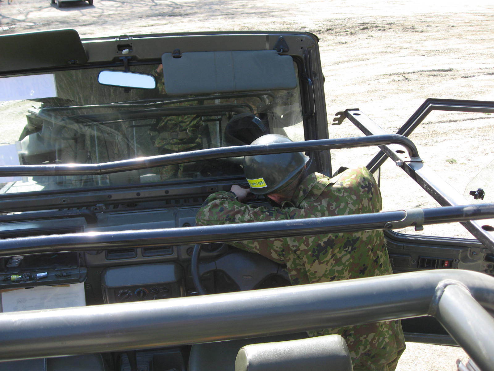 自動車の整備をしている自衛隊員の様子
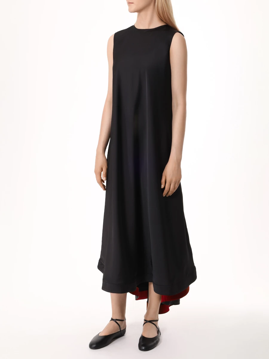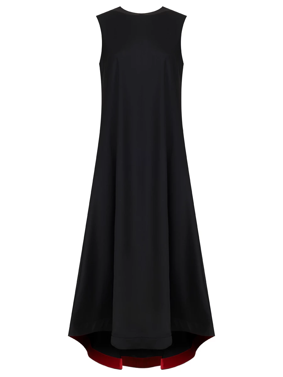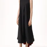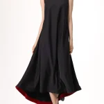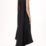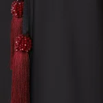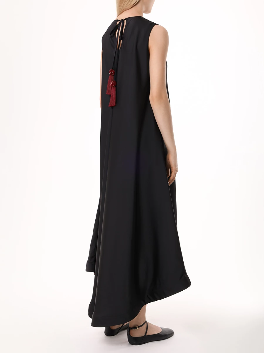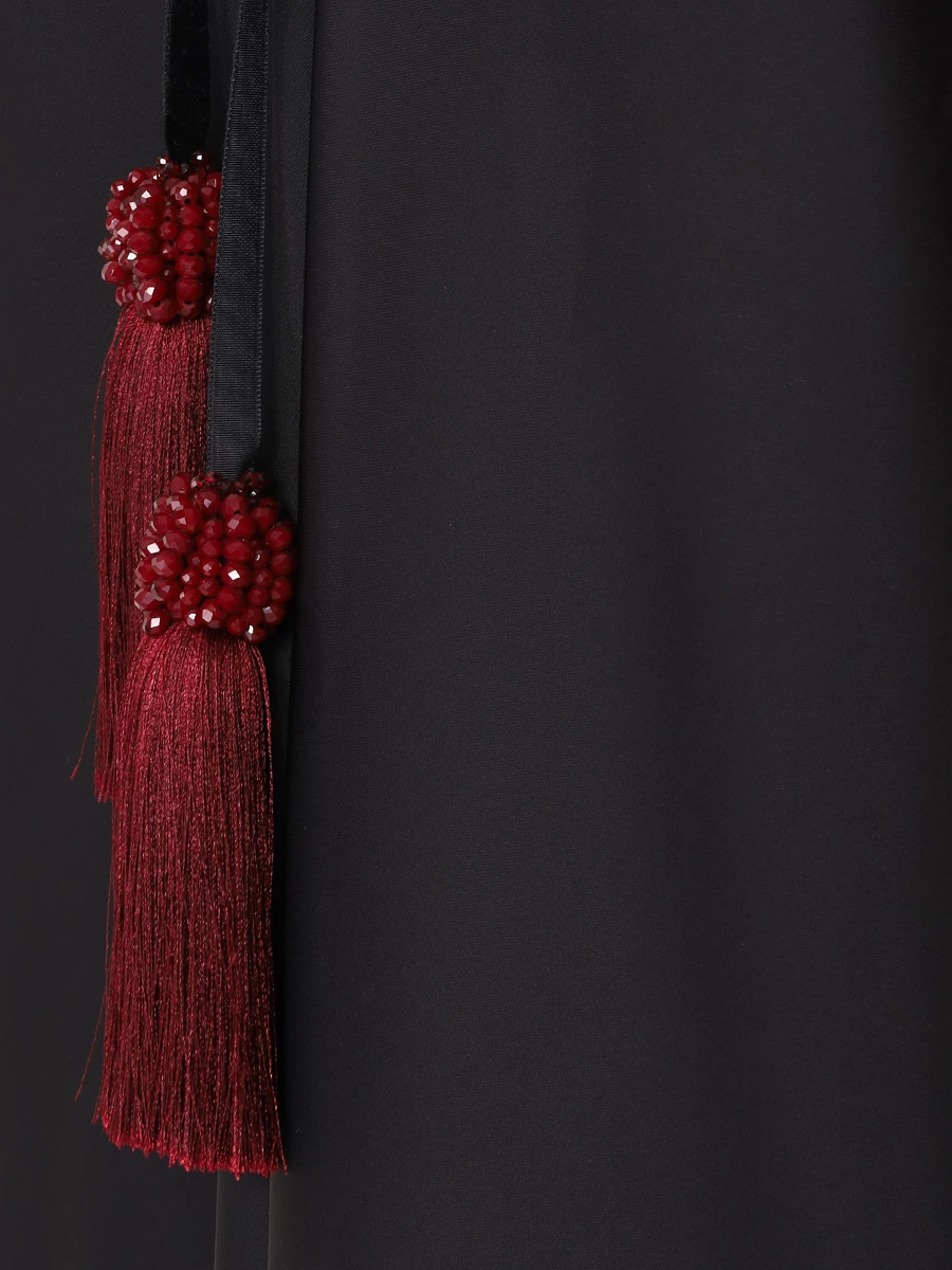 -Черное платье-миди от VARDOUI NAZARIAN. -Модель свободного асимметричного по длине кроя с легким клешем к низу и круглым вырезом горловины. -В своих коллекциях особое внимание дизайнер уделяет деталям: платье дополнено завязками сзади с бордовыми густыми кистями и гранеными бусинами, которым вторит бархатная обтачка по низу подола.
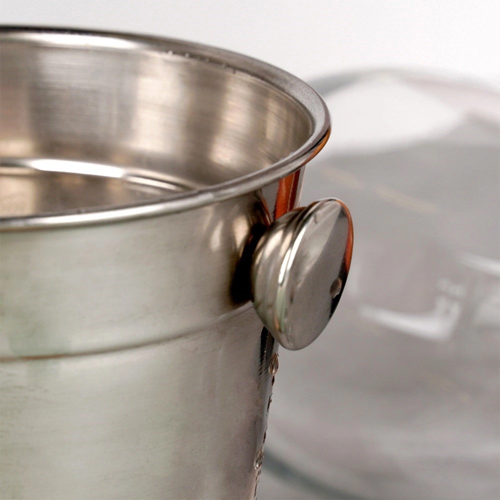 Štýlové nerezové vedro na ľad s objemom 700 ml udrží vaše nápoje dlhšie studené a dodá servírovaniu šmrnc. Má praktické bočné úchyty na jednoduché prenášanie, odolnú nerezovú konštrukciu a klasický nadčasový vzhľad, ktorý skvele zapadne na každý stôl.
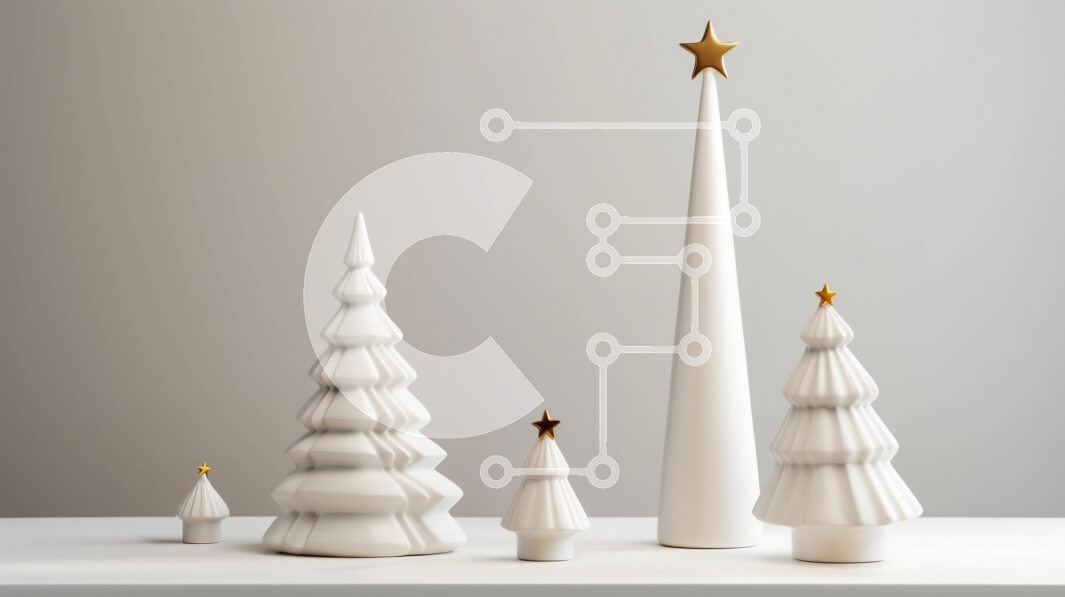 Intra Συλλεκτικό Ξύλινο Παζλ Plywood 4mm - Ομάδα λευκών κεραμικών χριστουγεννιάτικων δέντρων με χρυσά αστέρια Σε Ξύλινο Κουτί - Διαστάσεις: 10x10 cm – 25 κομμάτια
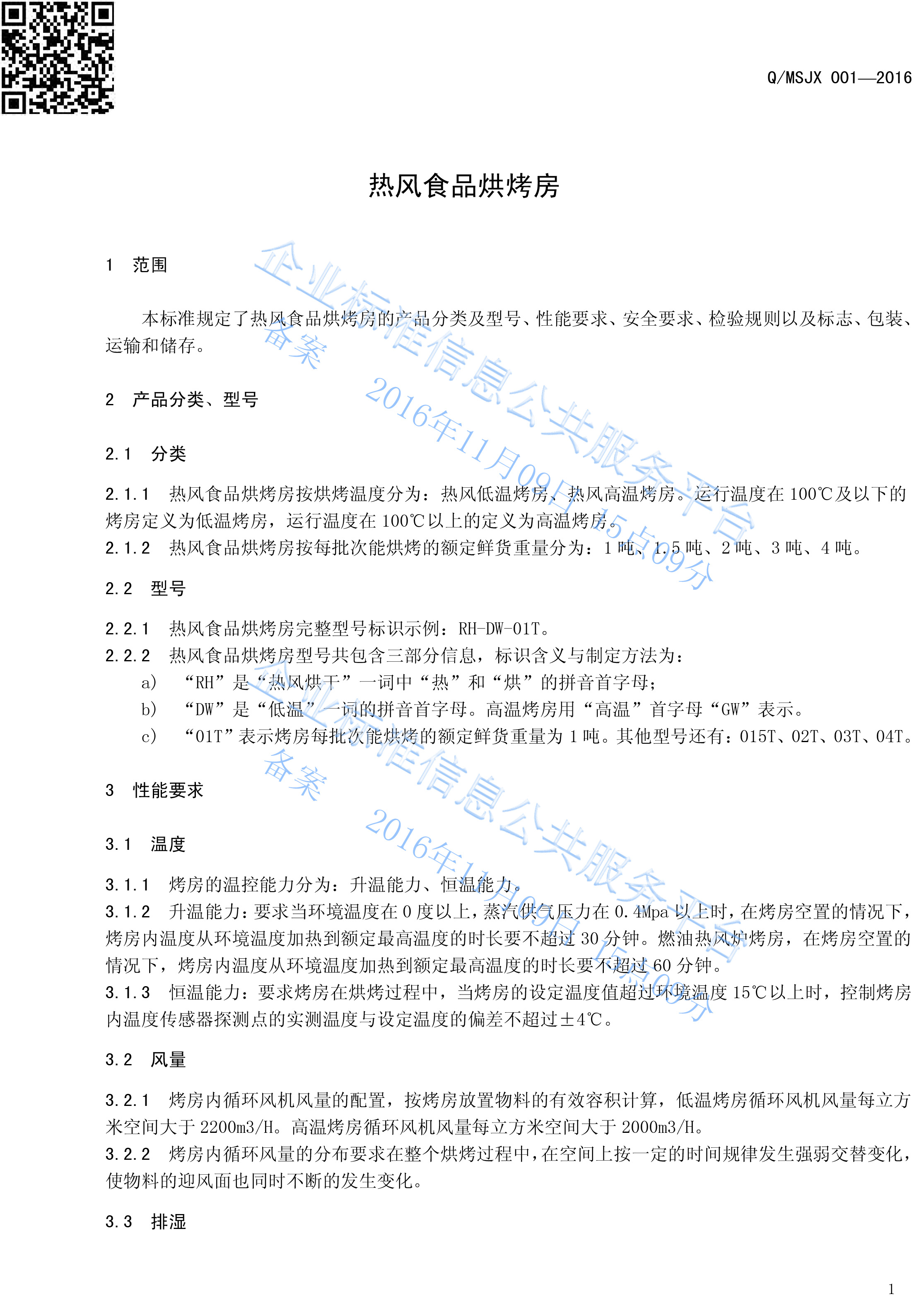 產(chǎn)品名稱:熱風(fēng)食品烘烤房企業(yè)標(biāo)準(zhǔn)
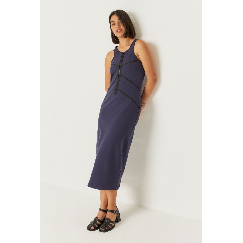 Robe sans manches à la silhouette longue et ajustée. Dotée d'une encolure ronde et d'une fermeture zippée sur le devant, elle est ornée de surpiqûres contrastées au niveau des fentes.
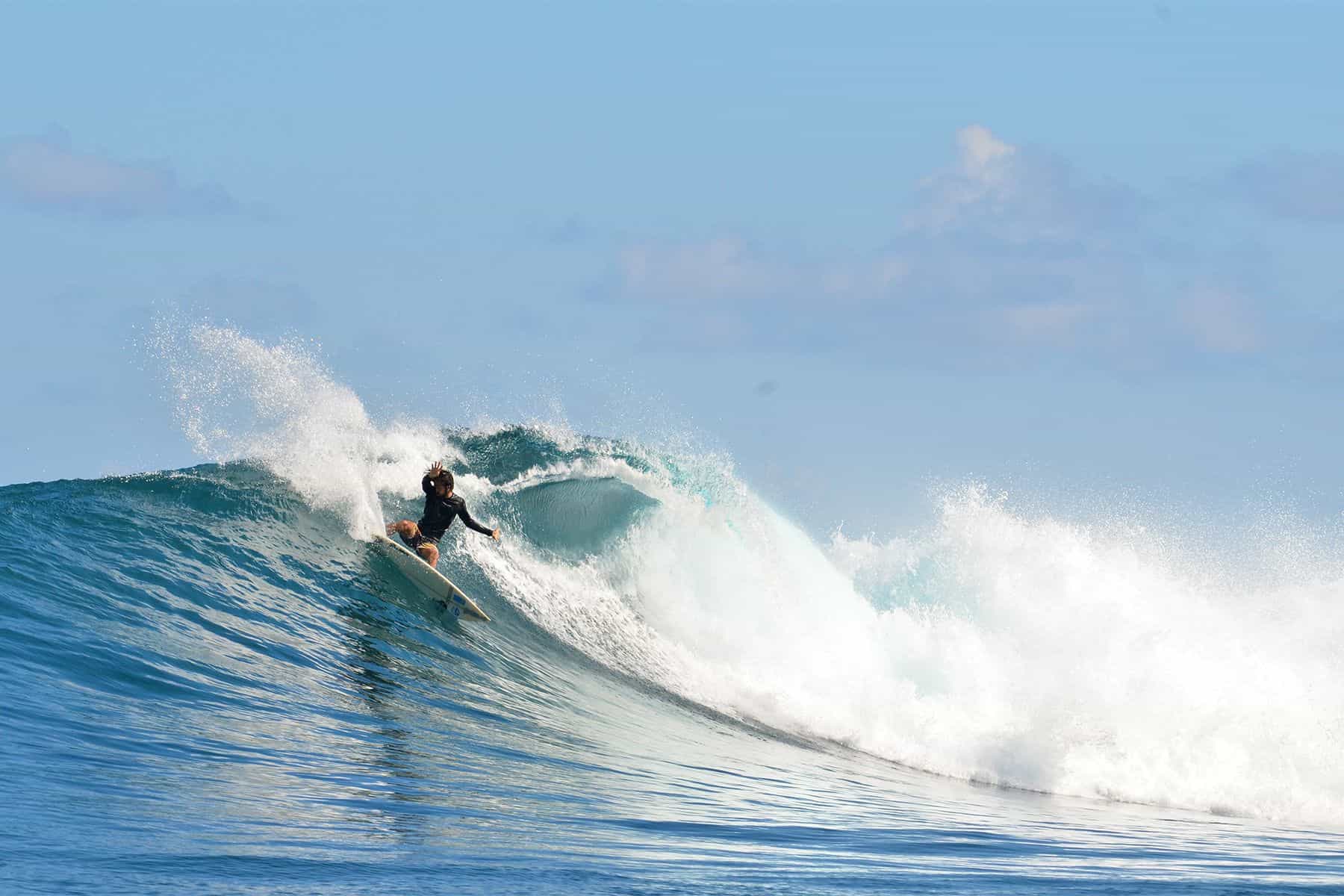 From the outer take-off zone all the way to the inner one, there’s a rock slab that produces more punchy and fast sections, that eventually turn into fat walls once the wave reaches the patches of sand under the inner take-off zone.
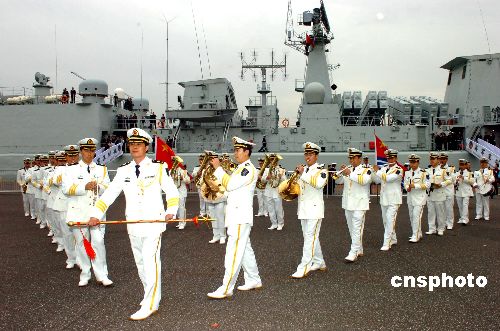 11月28日上午,中國海軍“深圳”號導(dǎo)彈驅(qū)逐艦抵達(dá)日本東京晴海碼頭,開始對日本進(jìn)行正式友好訪問。在日方舉行的歡迎儀式后,中國海軍軍樂團(tuán)在“深圳”號前進(jìn)行列隊(duì)表演。中新社發(fā) 滕劍峰 攝
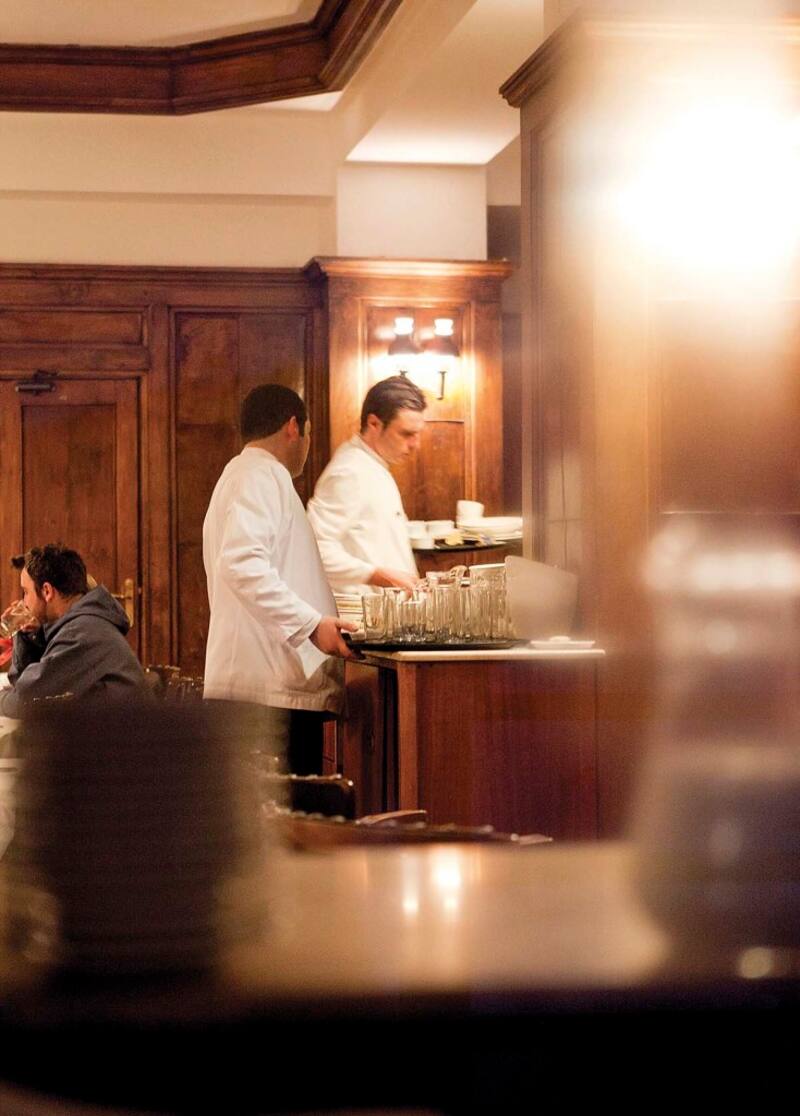 El hotel destaca por el acogedor ambiente que se vive tanto en el comedor principal, como en el bar. Cuero, muros de piedra y mucha madera le dan el carácter propio de un refugio de montaña. Mientras en el bar se vive un ambiente más relajado, es en el comedor donde Figueroa despliega lo mejor de su comida. ¿Su sello? El uso de productos locales, donde todo se elabora a mano: desde el pan o las mermeladas hasta cada uno de los postres. La carta, diariamente, ofrece ocho opciones de platos de fondo, los que no se repiten entre el almuerzo y la cena. Pastel de jaiba, sopa de locos, chuletitas de cordero con salsa de romero y miel con puré de zanahoria, un chacarero de costillar de cerdo en pan artesanal o preparaciones vegetarianas como un curry de verduras y tofu asado son algunas de las opciones que se ofrecen en el comedor. "Quiero que los pasajeros coman todos los días algo distinto, en un ambiente cálido y con sabores locales", resume Figueroa. A su gastronomía, se le suma el servicio. En el comedor está a cargo del maitre Juan Beiza, quien lleva más de 50 años en el hotel a cargo de dar la bienvenida a los clientes, presentarles al garzón que los atenderá toda la semana y preocuparse de que los platos vayan y vengan de la cocina con la precisión de un reloj suizo.
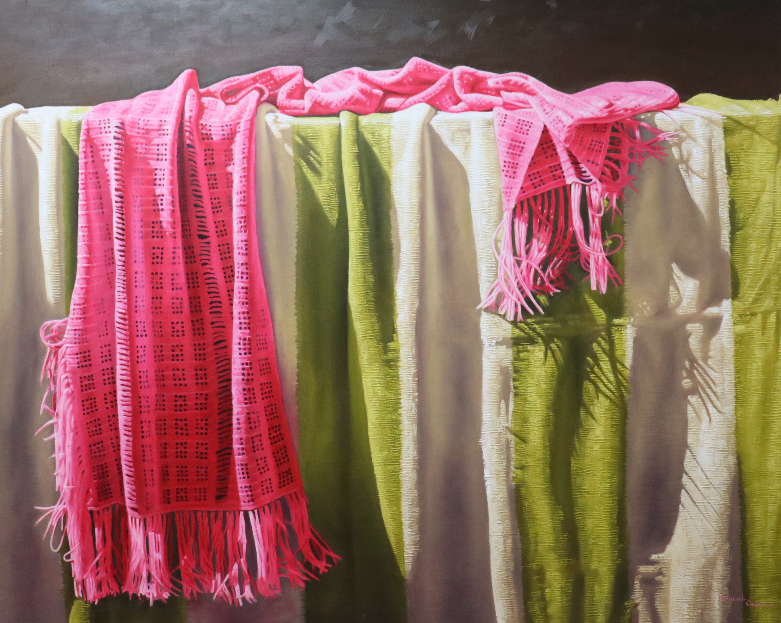 Metamorfosis del Bodegón, es una singular y atractiva muestra pictórica que nos ofrece un rico universo poblado de telas vistosas coronadas por diversos y coloridos frutos que se ofrecen a la vista del espectador.

══════════════════════════════

_Task description:_
Write down exactly what the lines above say, from the line holding "Intra Συλλεκτικό Ξύλινο" through the line holding "產(chǎn)品名稱:熱風(fēng)食", and nothing more. Do not copy the pictures.

_Solution for this exercise:_
 Intra Συλλεκτικό Ξύλινο Παζλ Plywood 4mm - Ομάδα λευκών κεραμικών χριστουγεννιάτικων δέντρων με χρυσά αστέρια Σε Ξύλινο Κουτί - Διαστάσεις: 10x10 cm – 25 κομμάτια
 產(chǎn)品名稱:熱風(fēng)食品烘烤房企業(yè)標(biāo)準(zhǔn)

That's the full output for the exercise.